School of Computer Science and Technology, Harbin Institute of Technology, Harbin 150001, China.
Sensors (Basel). 2023 Apr 30;23(9):4425. doi: 10.3390/s23094425.
Hybrid models which combine the convolution and transformer model achieve impressive performance on human pose estimation. However, the existing hybrid models on human pose estimation, which typically stack self-attention modules after convolution, are prone to mutual conflict. The mutual conflict enforces one type of module to dominate over these hybrid sequential models. Consequently, the performance of higher-precision keypoints localization is not consistent with overall performance. To alleviate this mutual conflict, we developed a hybrid parallel network by parallelizing the self-attention modules and the convolution modules, which conduce to leverage the complementary capabilities effectively. The parallel network ensures that the self-attention branch tends to model the long-range dependency to enhance the semantic representation, whereas the local sensitivity of the convolution branch contributes to high-precision localization simultaneously. To further mitigate the conflict, we proposed a cross-branches attention module to gate the features generated by both branches along the channel dimension. The hybrid parallel network achieves 75.6% and 75.4% on COCO validation and test-dev sets and achieves consistent performance on both higher-precision localization and overall performance. The experiments show that our hybrid parallel network is on par with the state-of-the-art human pose estimation models.
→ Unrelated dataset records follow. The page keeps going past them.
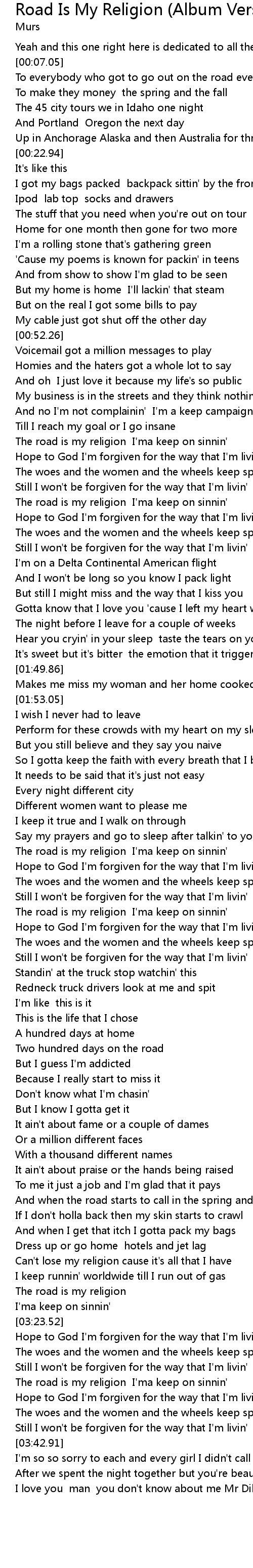 The road is my religion I'ma keep on sinnin' |
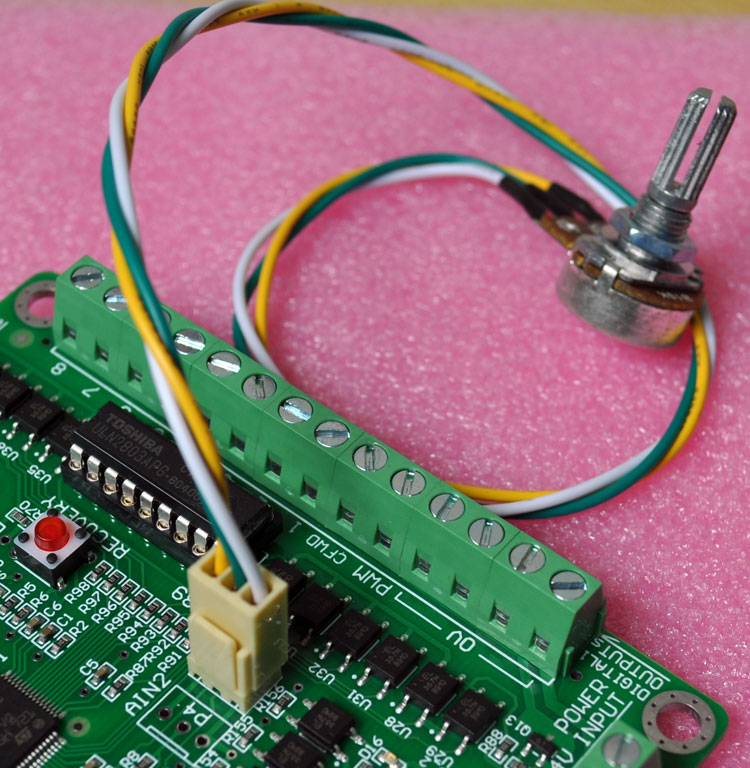 - 2 analog inputs, used to adjust the processing speed / jog speed / spindle speed.
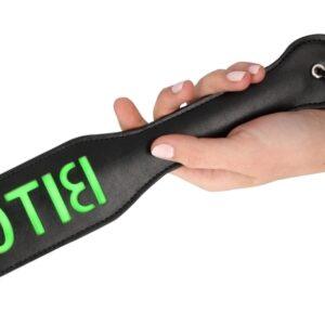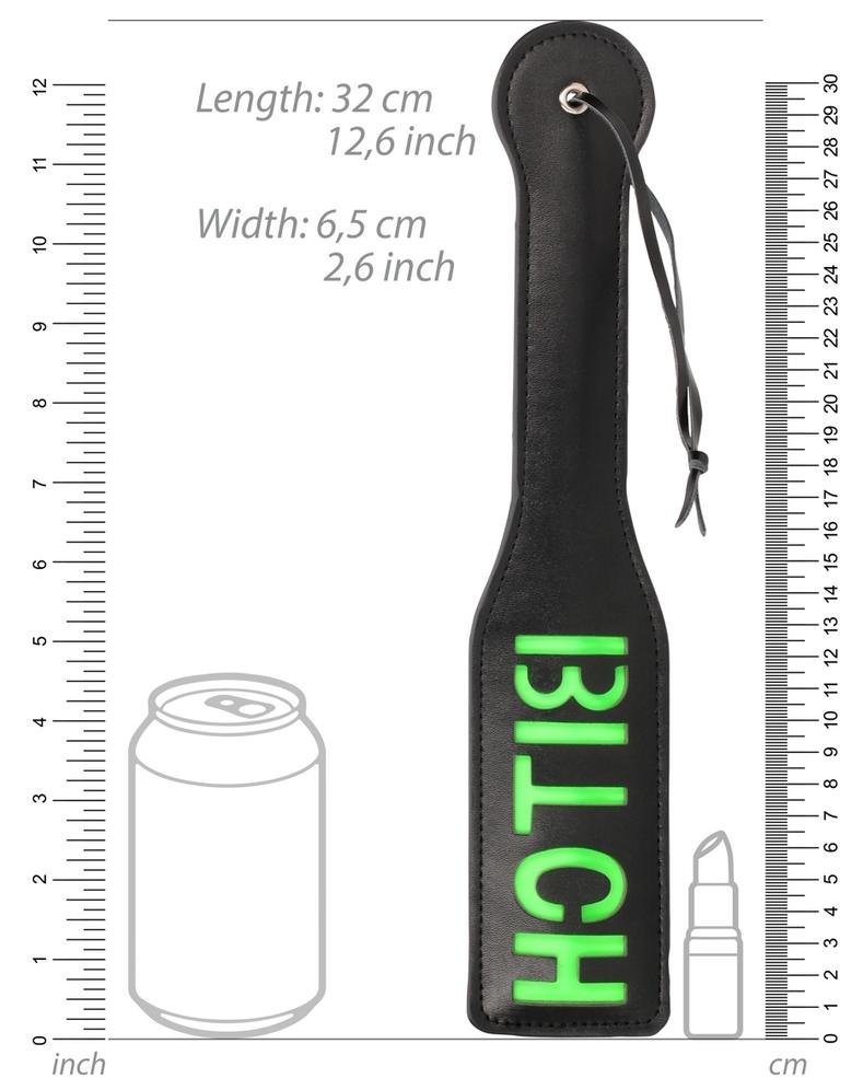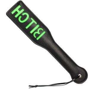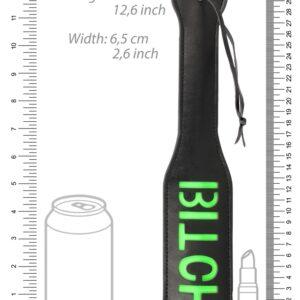 Paleta negra y verde con la palabra «Bitch» en el centro. El color verde es fosforescente.Longitud total 32 cm. Anchura 6,5 cm.En imitación de cuero (poliuretano)
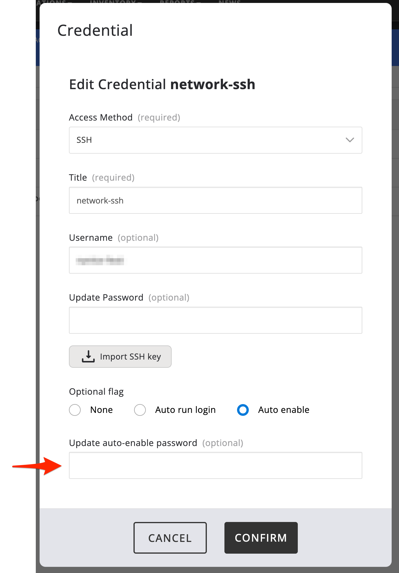 Some devices require that you either enter some sort of an enable mode or switch to a super user before you can issue privileged view commands. These sorts of privilege escalation tend to come with their own password. If the device you are configuring a credential for has this sort of requirement, make sure you select the "Auto Enable" radio button and enter the required password in the appropriate field.
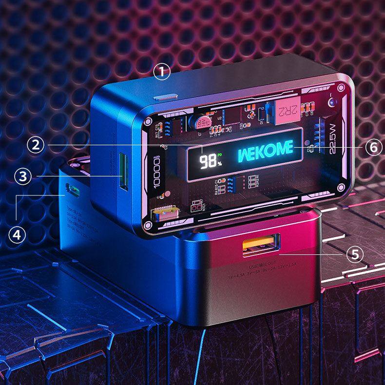 ①: Switch; ②: Smart Display; ③: USB-1 Output; ④: Type-C Input/ Output; ⑤: USB-2 Output; ⑥: Logo
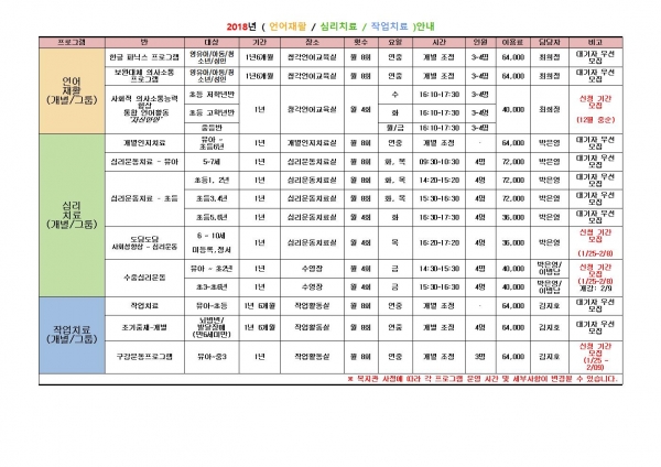 공지사항 2018년 ( 언어재활 / 심리치료 / 작업치료 )안내 페이지 정보 작성자 운영자 댓글 0건 조회 10,982회 작성일 18-01-26 18:04 본문 이전글120봉사회순회서비스 18.02.12 다음글2018년 문화여가 프로그램 이용자 모집 18.01.26 목록 댓글목록 댓글목록 등록된 댓글이 없습니다.
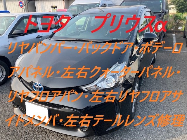 佐倉市|トヨタ プリウスα リヤバンパー バックドア ボデーロアパネル 右クォーターパネル 左クォーターパネル リヤフロアーパン 右リヤサイドメンバ 左リヤサイドメンバ 左右テールレンズ 板金 鈑金 修理 キズ へこみ キズ修理 へこみ修理 取替 交換 保険 保険修理
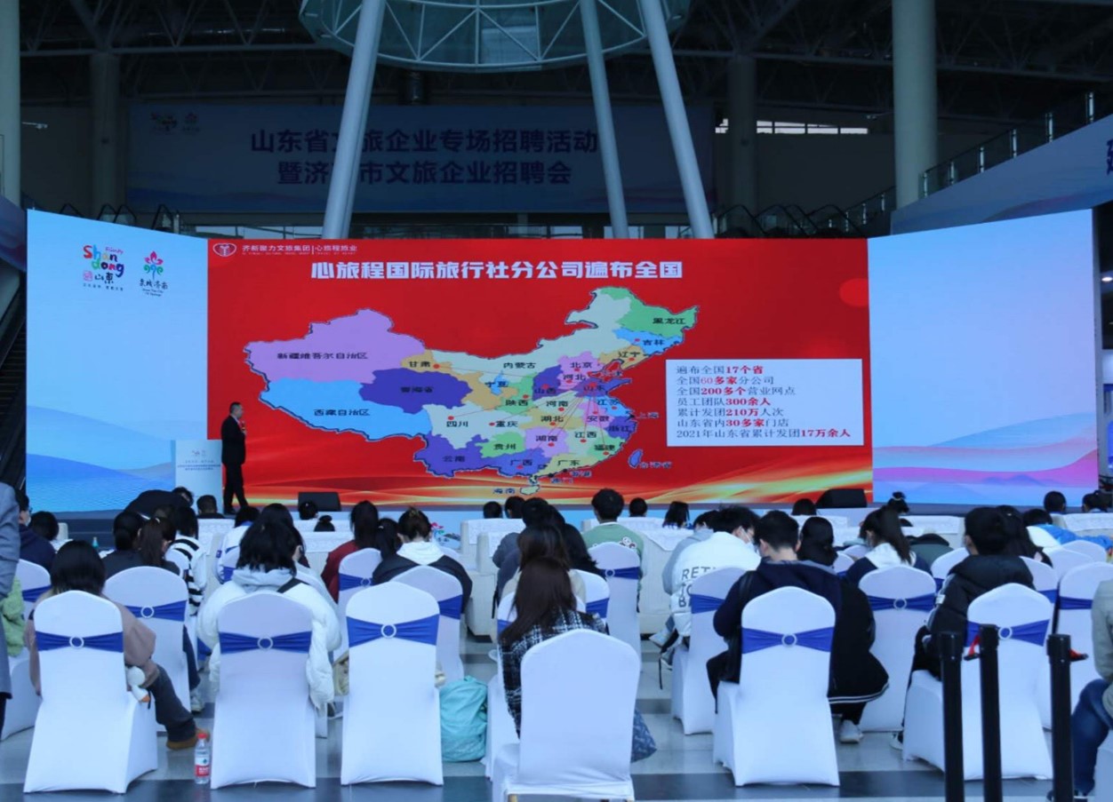 山东省文化和旅游厅联合山东省人力资源和社会保障厅、山东省教育厅、济南市政府举办的山东省文旅企业专场招聘会,于3月11日在舜耕国际会展中心进行。学生工作部副部长、就业指导中心主任万丽丽,地理与旅游学院辅导员徐媛媛带领地理与旅游学院60位旅游专业毕业生参加了此次招聘会。
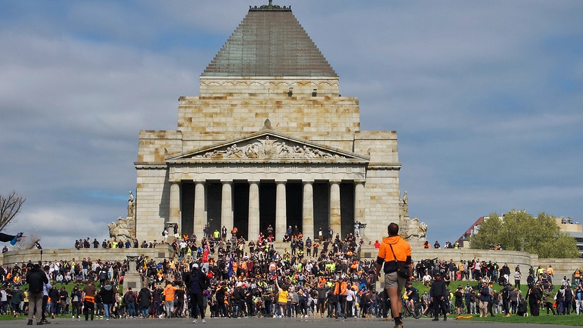 Chanting "every day" from the Shrine of Remembrance, hundreds without masks, some still wearing high-visibility clothing, marched through the city to the war memorial.
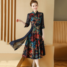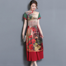 2017新款复古印花真丝雪纺改良奥黛旗袍中式斜襟立领短袖连衣裙夏
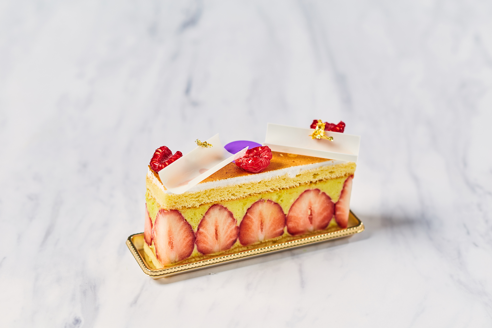 開心果草莓蛋糕的橫切面是滿滿的草莓,海綿蛋糕帶有杏仁香,開心果和櫻桃酒混合的德國奶油霜,充滿高級感。最上面更以白巧克力片搭成屋瓦的形狀,極具巧思。價格756日幣,含稅。
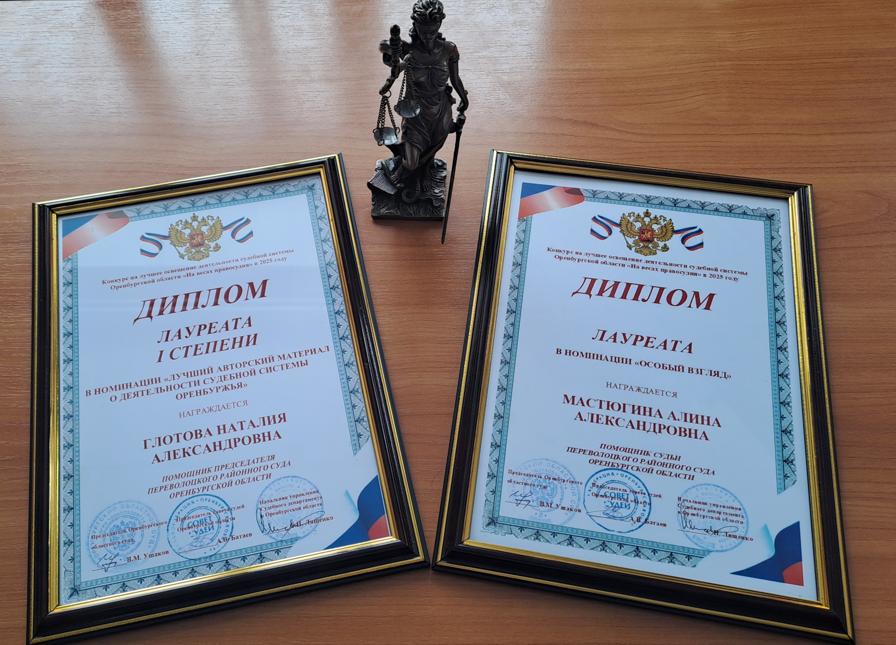 Советом судей Оренбургской области был проведен конкурс на лучшее освещение деятельности судебной системы Оренбургской области «На весах правосудия» среди журналистов, средств массовой информации и специалистов судов Оренбургской области в 2025 году. Победителем в нем стала, в номинации «Лучший авторский материал о деятельности судебной системы Оренбуржья» Глотова Н.А., помощник председателя Переволоцкого районного суда Оренбургской области. Лауреатом в номинации «Особый взгляд»- Мастюгина А.А., помощник судьи Переволоцкого районного суда Оренбургской области.
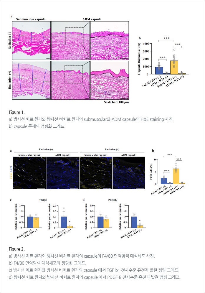 보형물 기반 2단계 즉시 유방재건을 받은 총 30명의 환자가 연구에 참여하였고 그 중 15명은 방사선 치료를 받았다. 이들 환자에서 조직확장기를 영구보형물로 교체하는 동안 subpectoral capsule과 ADM(CGcryoderm) capsule의 생검을 실시하였다. 생검 조직으로부터 캡슐의 두께, 조직면역학 염색(a-smooth muscle actin;a-SMA, vimentin, CD31, F4/80(macrophage marker), a-SMA와 CD31의 중발현(coexpression)), 상대적 유전자 발현량(transforming growth factor (TGF)-b1, platelet-derived growth factor (PDGF)-B)을 확인하였다.
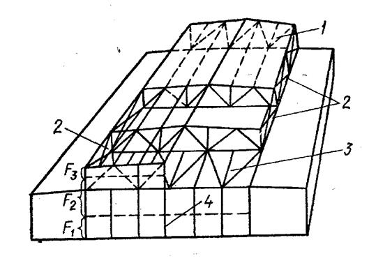 Ветровое давление, передающееся на деревянную торцовую стену каркасной конструкции небольшой высоты, распределяется между фундаментом и верхним покрытием с помощью работающих на изгиб вертикальных стоек каркаса. Конструкция покрытия в этом случае должна передавать ветровое давление через верхнюю обвязку продольным стенам, которые, в свою очередь, должны иметь в своей плоскости связи, рассчитанные на передачу этих усилий фундаментам. При устройстве в качестве основы под рубероидную кровлю щитового перекрестного настила покрытие превращается в неизменяемую и жесткую диафрагму. В этом случае расчет сводится к проверке прочности: а) прикрепления верхних концов стоек каркасной стены к прогонам на передачу ветрового давления; б) гвоздевой пришивки прогонов к щитовому настилу, скрепленному диагональными элементами; в) соединения гвоздями обоих щитовых настилов для перекрытия их стыков, расположенных вразбежку; г) прикрепления настила, связанного с диагональными элементами, к верхней обвязке каркасных деревянных стен. Указанное решение покрытия обеспечивает хорошее закрепление плоских деревянных конструкций в проектном положении. Жесткость покрытий с одинарным настилом или с обрешеткой без диагональных элементов недостаточна для восприятия ветровой нагрузки и закрепления плоскостных деревянных конструкций в проектном положении. В этом случае при наличии деревянных каркасных стен необходимо устройство в плоскости верхних поясов несущих конструкций горизонтальных связей, располагаемых в торцовых частях здания и по его длине на расстоянии не более 20 м (рис. 1). Для покрытия, выполненного из разрезных кровельных панелей, жестких и неизменяемых в своей плоскости, требуется установка монтажных связей, которые прикрепляют непосредственно к основной несущей конструкции (рис. 1, б). Горизонтальные связи, воспринимающие ветровую нагрузку, образуют в плоскости верхних поясов двух соседних несущих конструкций решетчатую ферму, которая передает действующие в ее плоскости усилия на продольные стены. При жестких торцовых стенах, воспринимающих ветровую нагрузку, и небольшой длине здания (до 20 м) устойчивость плоских деревянных конструкций может быть создана прогонами кровли, надежно скрепленными с верхним поясом фермы и заанкеренными своими концами в торцовые каменные стены (рис. 2). При этом стыки разрезных или консольно-балочных прогонов должны быть перекрыты накладками на гвоздях. В средней части зданий большой протяженности, кроме того, устраивают горизонтальные связи (см. рис. 1) на расстоянии около 20 м от торцовой стены и. одни от других. На рис. 3 показана пространственная схема здания с покрытием по пятиугольным фермам; в торце здания сделан проем для ворот. Ветровую нагрузку, приходящуюся на площадь F1, воспринимают нижние опорные устройства раздвижных ворот. Давление на площадь F3 передается через прогоны бесчердачному покрытию, а давление на площадь F2 воспринимается специальной горизонтальной надворотной фермой, подвешенной к основным фермам на уровне затяжек и передающей ветровую нагрузку продольным стенам здания. Кровельное покрытие, воспринимающее давление ветра с площади F3, не примыкает непосредственно к настенному брусу. Для передачи этого ветрового давления на настенный брус в панелях фонаря должны
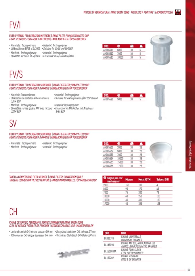 TABELLA CONVERSIONE FILTRI VERNICE | PAINT FILTERS CONVERSION TABLE

混合模型结合卷积和变形金刚模型在人体姿态估计上取得了令人印象深刻的性能。然而,现有的人体姿态估计混合模型,通常在卷积后堆叠自注意模块,容易相互冲突。相互冲突迫使一种类型的模块主导这些混合序列模型。因此,高精度关键点定位的性能与整体性能不一致。为了缓解这种相互冲突,我们通过并行化自注意模块和卷积模块开发了一种混合并行网络,有效地利用了互补能力。并行网络确保自注意分支倾向于建模远程依赖关系,以增强语义表示,而卷积分支的局部敏感性同时有助于高精度定位。为了进一步减轻冲突,我们提出了一种跨分支注意模块,沿通道维度对两个分支生成的特征进行门控。混合并行网络在 COCO 验证集和测试集上分别达到 75.6%和 75.4%,在高精度定位和整体性能上都具有一致的性能。实验表明,我们的混合并行网络与最先进的人体姿态估计模型相当。